Task directions:
Without the pictures, can you quote each line below exactly?

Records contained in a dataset

# # #

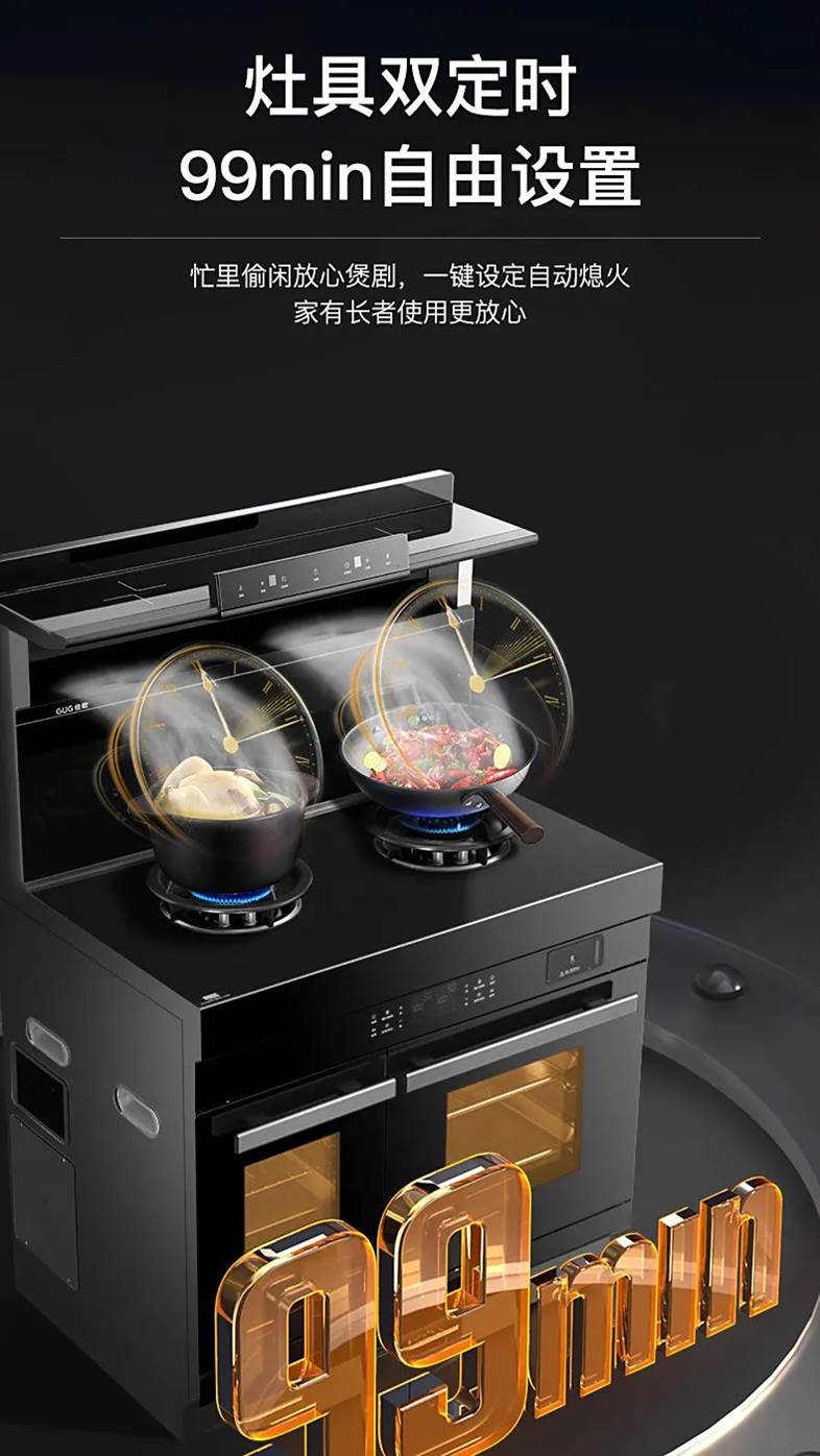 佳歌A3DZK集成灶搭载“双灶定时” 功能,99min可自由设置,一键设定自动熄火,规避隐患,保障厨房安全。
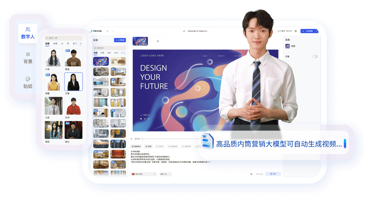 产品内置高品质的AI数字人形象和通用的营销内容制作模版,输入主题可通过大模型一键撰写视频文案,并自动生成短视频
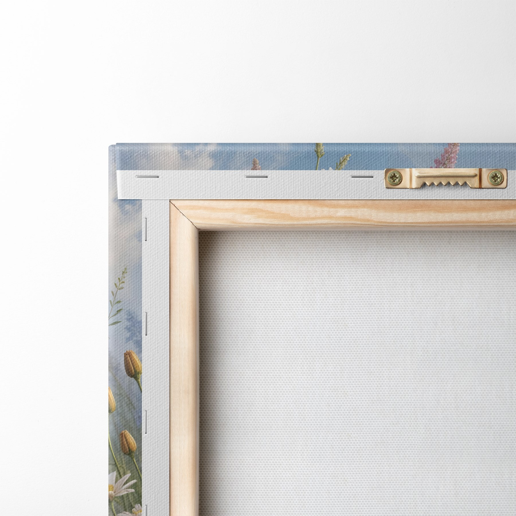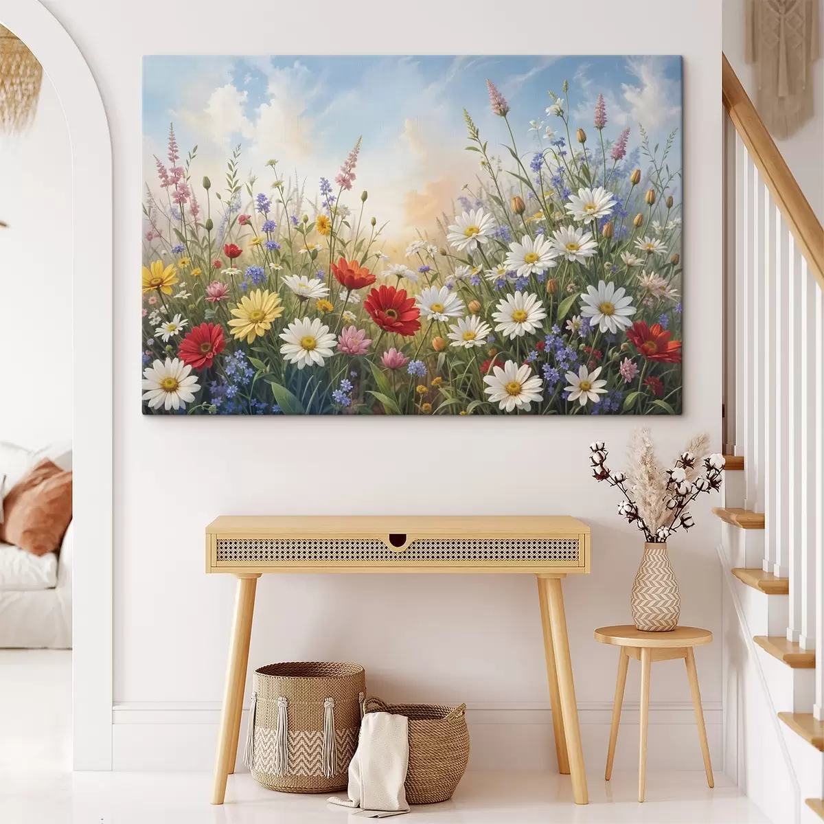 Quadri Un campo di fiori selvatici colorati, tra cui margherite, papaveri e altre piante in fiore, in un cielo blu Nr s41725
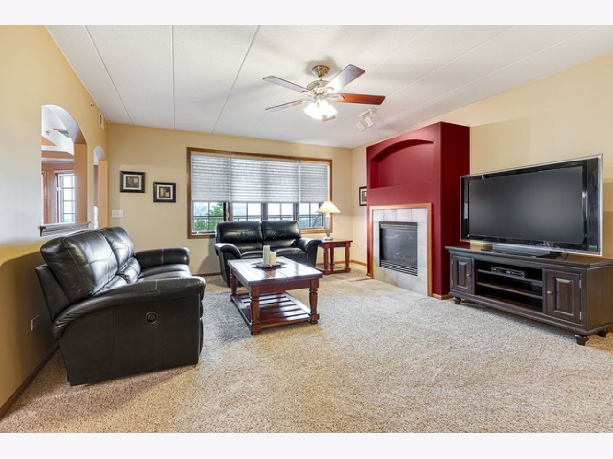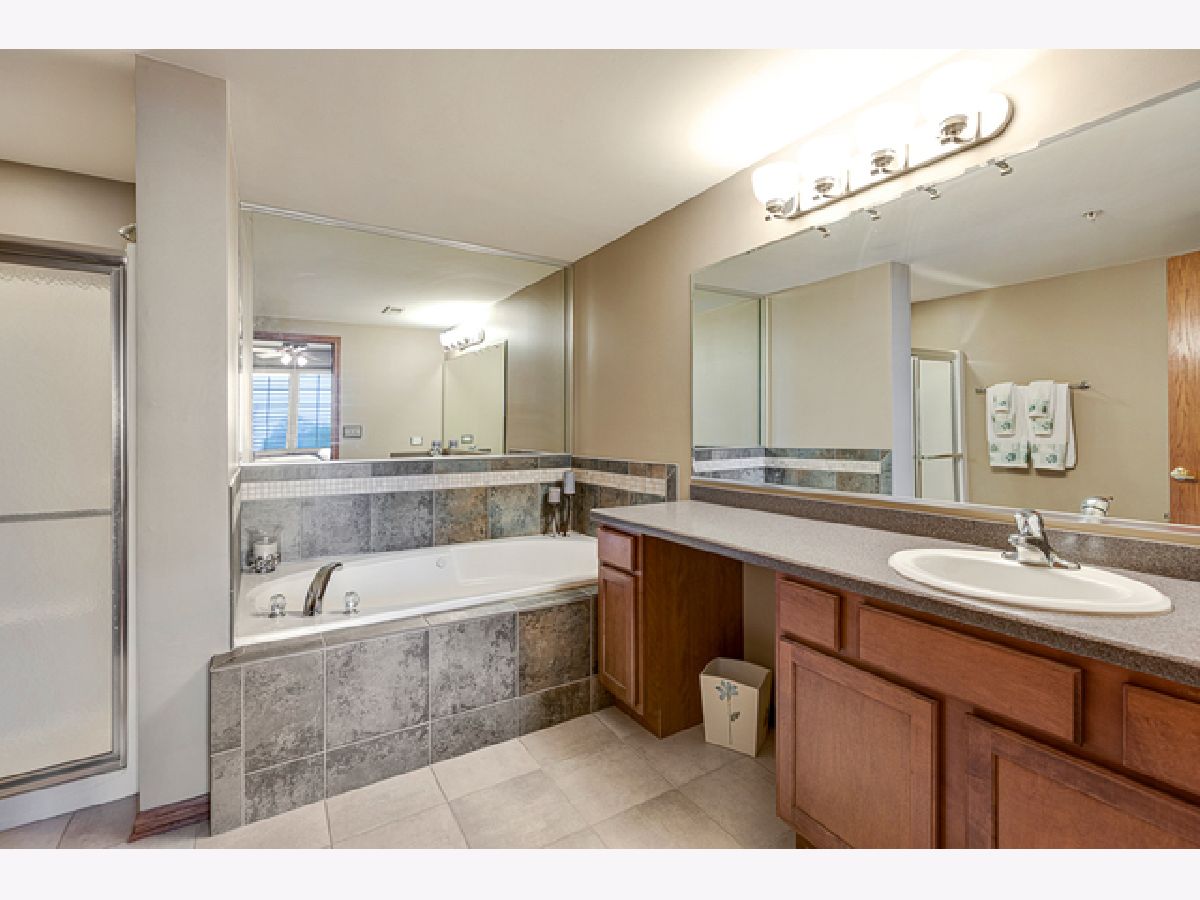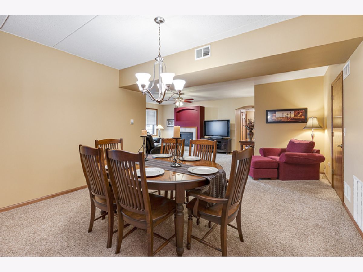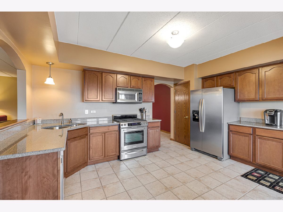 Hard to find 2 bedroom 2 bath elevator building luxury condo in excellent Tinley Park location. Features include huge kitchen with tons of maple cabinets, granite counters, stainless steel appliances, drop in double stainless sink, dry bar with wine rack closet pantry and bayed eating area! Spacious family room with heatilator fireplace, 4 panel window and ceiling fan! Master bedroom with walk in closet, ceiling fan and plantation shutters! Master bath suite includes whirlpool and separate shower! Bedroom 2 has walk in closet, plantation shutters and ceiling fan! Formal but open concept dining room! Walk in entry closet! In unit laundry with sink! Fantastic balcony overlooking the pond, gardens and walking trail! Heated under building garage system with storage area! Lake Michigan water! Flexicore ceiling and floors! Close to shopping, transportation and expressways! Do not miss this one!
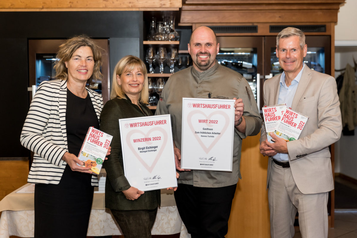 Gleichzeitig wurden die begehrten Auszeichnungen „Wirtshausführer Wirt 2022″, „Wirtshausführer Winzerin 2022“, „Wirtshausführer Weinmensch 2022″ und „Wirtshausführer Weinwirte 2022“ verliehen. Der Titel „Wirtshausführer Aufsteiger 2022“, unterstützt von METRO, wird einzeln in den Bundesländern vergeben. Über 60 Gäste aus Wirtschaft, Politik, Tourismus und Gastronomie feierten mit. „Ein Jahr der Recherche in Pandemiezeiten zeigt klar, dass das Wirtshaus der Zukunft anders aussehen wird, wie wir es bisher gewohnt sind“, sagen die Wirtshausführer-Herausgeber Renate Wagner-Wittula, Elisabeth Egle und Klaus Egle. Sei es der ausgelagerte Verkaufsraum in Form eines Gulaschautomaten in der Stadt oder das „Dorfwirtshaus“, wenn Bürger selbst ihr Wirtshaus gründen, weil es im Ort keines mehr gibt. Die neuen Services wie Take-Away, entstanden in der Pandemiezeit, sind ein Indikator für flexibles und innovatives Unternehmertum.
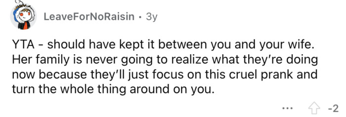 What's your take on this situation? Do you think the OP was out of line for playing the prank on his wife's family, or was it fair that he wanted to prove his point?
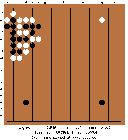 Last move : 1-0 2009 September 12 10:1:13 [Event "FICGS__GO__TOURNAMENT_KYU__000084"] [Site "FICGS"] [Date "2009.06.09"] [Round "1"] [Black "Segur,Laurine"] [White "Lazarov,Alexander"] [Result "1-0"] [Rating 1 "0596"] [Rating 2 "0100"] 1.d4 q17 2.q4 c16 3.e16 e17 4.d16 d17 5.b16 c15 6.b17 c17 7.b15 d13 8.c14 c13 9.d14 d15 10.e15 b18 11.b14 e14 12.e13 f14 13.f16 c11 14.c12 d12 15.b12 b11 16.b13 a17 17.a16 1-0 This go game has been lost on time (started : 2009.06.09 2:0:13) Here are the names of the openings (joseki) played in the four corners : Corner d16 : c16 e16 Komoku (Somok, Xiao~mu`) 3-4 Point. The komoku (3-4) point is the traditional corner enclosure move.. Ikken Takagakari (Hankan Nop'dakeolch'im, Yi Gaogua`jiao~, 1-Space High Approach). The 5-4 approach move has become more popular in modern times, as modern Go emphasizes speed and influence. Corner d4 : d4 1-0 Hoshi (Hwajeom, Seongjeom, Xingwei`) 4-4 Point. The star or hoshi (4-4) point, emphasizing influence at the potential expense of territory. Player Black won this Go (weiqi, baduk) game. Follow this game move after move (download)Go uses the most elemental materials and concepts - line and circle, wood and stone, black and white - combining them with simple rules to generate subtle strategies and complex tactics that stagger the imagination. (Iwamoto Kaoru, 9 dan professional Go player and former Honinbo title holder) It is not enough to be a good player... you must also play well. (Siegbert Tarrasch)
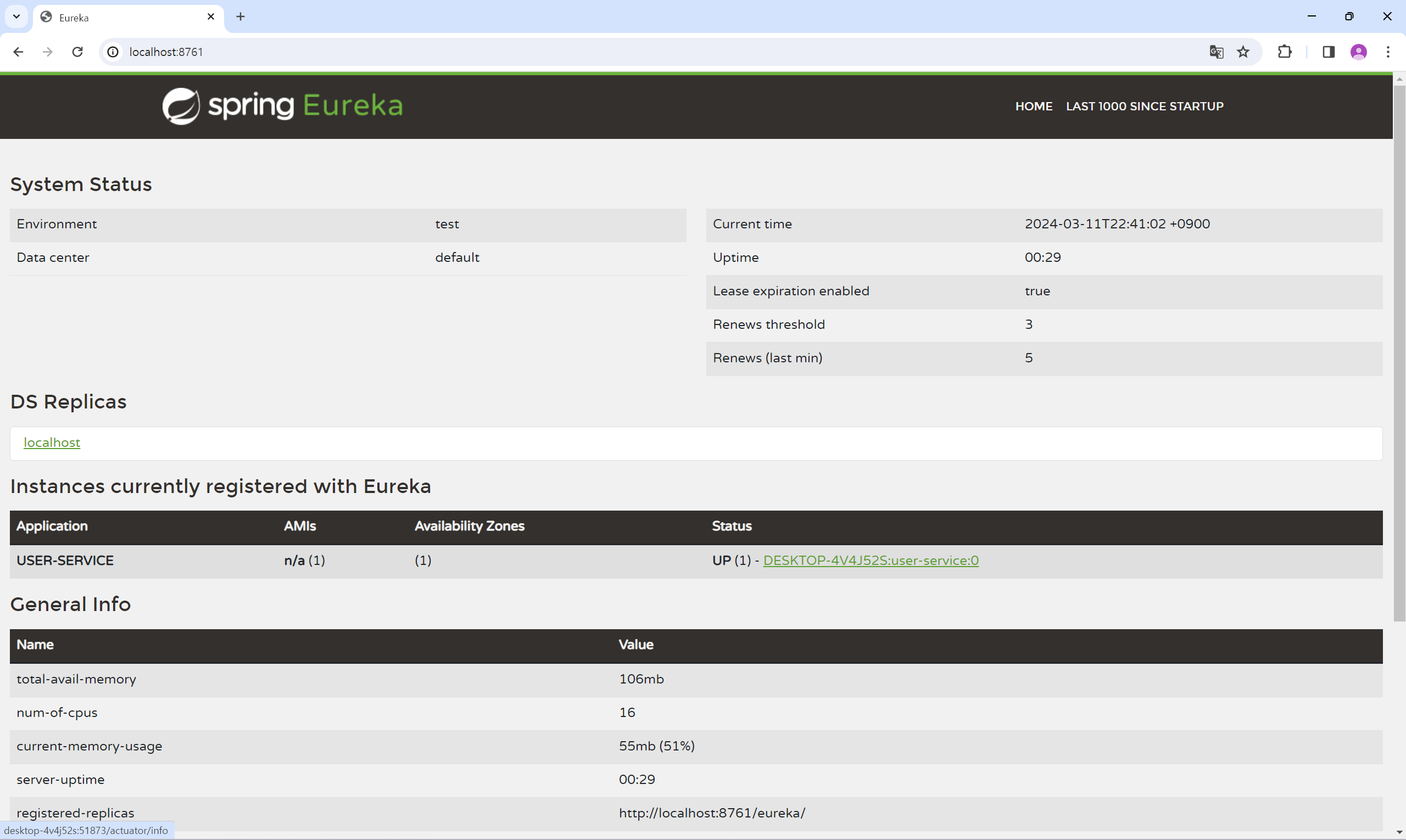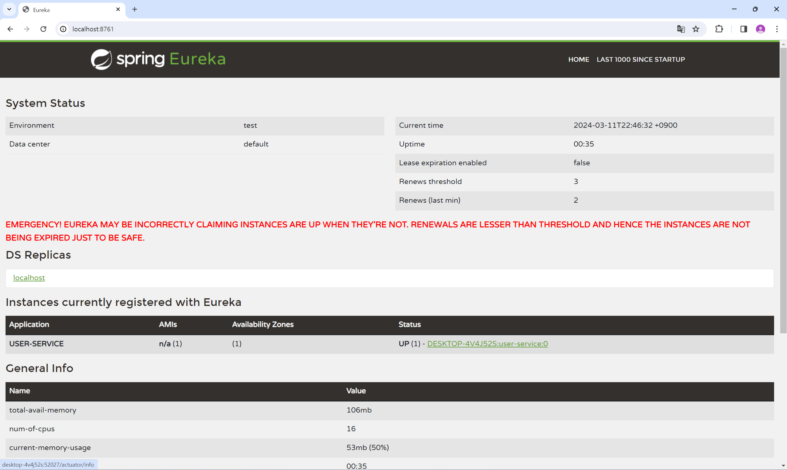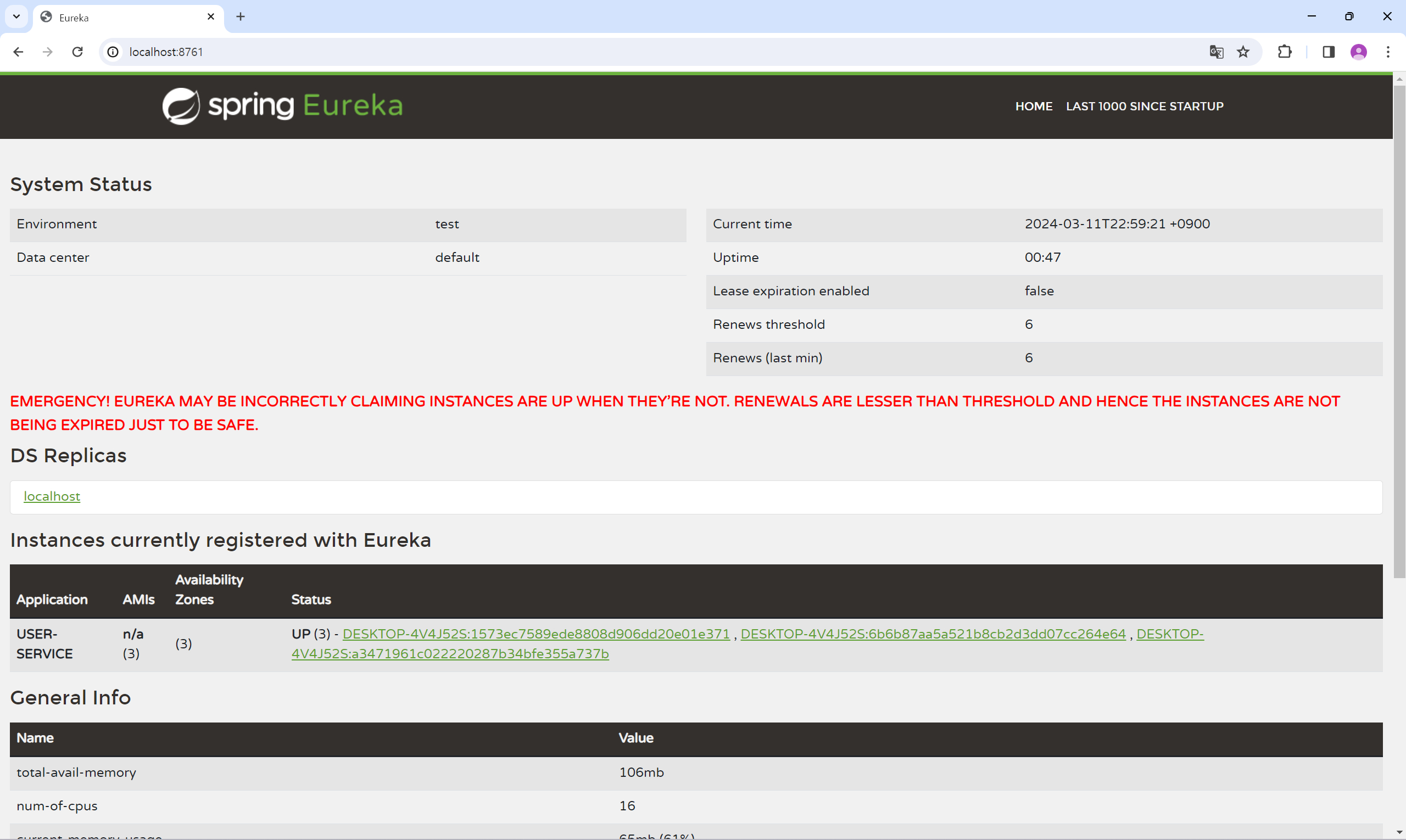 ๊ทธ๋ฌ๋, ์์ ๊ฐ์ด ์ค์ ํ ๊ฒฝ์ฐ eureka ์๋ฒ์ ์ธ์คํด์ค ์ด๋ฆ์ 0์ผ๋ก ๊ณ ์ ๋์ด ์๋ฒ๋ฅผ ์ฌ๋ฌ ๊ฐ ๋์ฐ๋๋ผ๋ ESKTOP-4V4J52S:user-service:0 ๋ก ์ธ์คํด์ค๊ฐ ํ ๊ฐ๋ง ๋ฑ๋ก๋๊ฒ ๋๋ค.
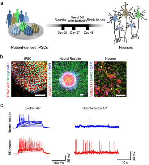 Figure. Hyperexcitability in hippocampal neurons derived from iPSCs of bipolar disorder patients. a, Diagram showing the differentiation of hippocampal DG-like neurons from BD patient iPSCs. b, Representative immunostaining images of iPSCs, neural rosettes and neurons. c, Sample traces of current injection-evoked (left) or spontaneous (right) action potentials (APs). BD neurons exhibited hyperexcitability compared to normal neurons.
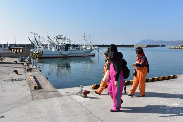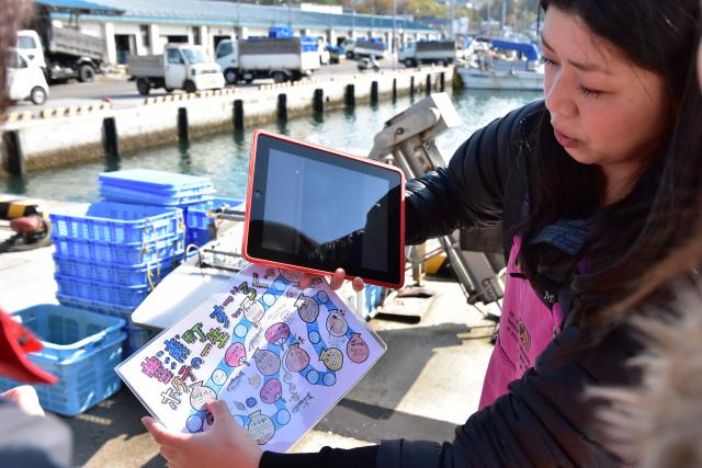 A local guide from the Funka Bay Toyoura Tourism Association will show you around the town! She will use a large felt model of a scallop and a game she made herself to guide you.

# # #

Your solution:
 佳歌A3DZK集成灶搭载“双灶定时” 功能,99min可自由设置,一键设定自动熄火,规避隐患,保障厨房安全。
 产品内置高品质的AI数字人形象和通用的营销内容制作模版,输入主题可通过大模型一键撰写视频文案,并自动生成短视频
 Quadri Un campo di fiori selvatici colorati, tra cui margherite, papaveri e altre piante in fiore, in un cielo blu Nr s41725
 Hard to find 2 bedroom 2 bath elevator building luxury condo in excellent Tinley Park location. Features include huge kitchen with tons of maple cabinets, granite counters, stainless steel appliances, drop in double stainless sink, dry bar with wine rack closet pantry and bayed eating area! Spacious family room with heatilator fireplace, 4 panel window and ceiling fan! Master bedroom with walk in closet, ceiling fan and plantation shutters! Master bath suite includes whirlpool and separate shower! Bedroom 2 has walk in closet, plantation shutters and ceiling fan! Formal but open concept dining room! Walk in entry closet! In unit laundry with sink! Fantastic balcony overlooking the pond, gardens and walking trail! Heated under building garage system with storage area! Lake Michigan water! Flexicore ceiling and floors! Close to shopping, transportation and expressways! Do not miss this one!
 Gleichzeitig wurden die begehrten Auszeichnungen „Wirtshausführer Wirt 2022″, „Wirtshausführer Winzerin 2022“, „Wirtshausführer Weinmensch 2022″ und „Wirtshausführer Weinwirte 2022“ verliehen. Der Titel „Wirtshausführer Aufsteiger 2022“, unterstützt von METRO, wird einzeln in den Bundesländern vergeben. Über 60 Gäste aus Wirtschaft, Politik, Tourismus und Gastronomie feierten mit. „Ein Jahr der Recherche in Pandemiezeiten zeigt klar, dass das Wirtshaus der Zukunft anders aussehen wird, wie wir es bisher gewohnt sind“, sagen die Wirtshausführer-Herausgeber Renate Wagner-Wittula, Elisabeth Egle und Klaus Egle. Sei es der ausgelagerte Verkaufsraum in Form eines Gulaschautomaten in der Stadt oder das „Dorfwirtshaus“, wenn Bürger selbst ihr Wirtshaus gründen, weil es im Ort keines mehr gibt. Die neuen Services wie Take-Away, entstanden in der Pandemiezeit, sind ein Indikator für flexibles und innovatives Unternehmertum.
 What's your take on this situation? Do you think the OP was out of line for playing the prank on his wife's family, or was it fair that he wanted to prove his point?
 Last move : 1-0 2009 September 12 10:1:13 [Event "FICGS__GO__TOURNAMENT_KYU__000084"] [Site "FICGS"] [Date "2009.06.09"] [Round "1"] [Black "Segur,Laurine"] [White "Lazarov,Alexander"] [Result "1-0"] [Rating 1 "0596"] [Rating 2 "0100"] 1.d4 q17 2.q4 c16 3.e16 e17 4.d16 d17 5.b16 c15 6.b17 c17 7.b15 d13 8.c14 c13 9.d14 d15 10.e15 b18 11.b14 e14 12.e13 f14 13.f16 c11 14.c12 d12 15.b12 b11 16.b13 a17 17.a16 1-0 This go game has been lost on time (started : 2009.06.09 2:0:13) Here are the names of the openings (joseki) played in the four corners : Corner d16 : c16 e16 Komoku (Somok, Xiao~mu`) 3-4 Point. The komoku (3-4) point is the traditional corner enclosure move.. Ikken Takagakari (Hankan Nop'dakeolch'im, Yi Gaogua`jiao~, 1-Space High Approach). The 5-4 approach move has become more popular in modern times, as modern Go emphasizes speed and influence. Corner d4 : d4 1-0 Hoshi (Hwajeom, Seongjeom, Xingwei`) 4-4 Point. The star or hoshi (4-4) point, emphasizing influence at the potential expense of territory. Player Black won this Go (weiqi, baduk) game. Follow this game move after move (download)Go uses the most elemental materials and concepts - line and circle, wood and stone, black and white - combining them with simple rules to generate subtle strategies and complex tactics that stagger the imagination. (Iwamoto Kaoru, 9 dan professional Go player and former Honinbo title holder) It is not enough to be a good player... you must also play well. (Siegbert Tarrasch)
 ๊ทธ๋ฌ๋, ์์ ๊ฐ์ด ์ค์ ํ ๊ฒฝ์ฐ eureka ์๋ฒ์ ์ธ์คํด์ค ์ด๋ฆ์ 0์ผ๋ก ๊ณ ์ ๋์ด ์๋ฒ๋ฅผ ์ฌ๋ฌ ๊ฐ ๋์ฐ๋๋ผ๋ ESKTOP-4V4J52S:user-service:0 ๋ก ์ธ์คํด์ค๊ฐ ํ ๊ฐ๋ง ๋ฑ๋ก๋๊ฒ ๋๋ค.
 Figure. Hyperexcitability in hippocampal neurons derived from iPSCs of bipolar disorder patients. a, Diagram showing the differentiation of hippocampal DG-like neurons from BD patient iPSCs. b, Representative immunostaining images of iPSCs, neural rosettes and neurons. c, Sample traces of current injection-evoked (left) or spontaneous (right) action potentials (APs). BD neurons exhibited hyperexcitability compared to normal neurons.
 A local guide from the Funka Bay Toyoura Tourism Association will show you around the town! She will use a large felt model of a scallop and a game she made herself to guide you.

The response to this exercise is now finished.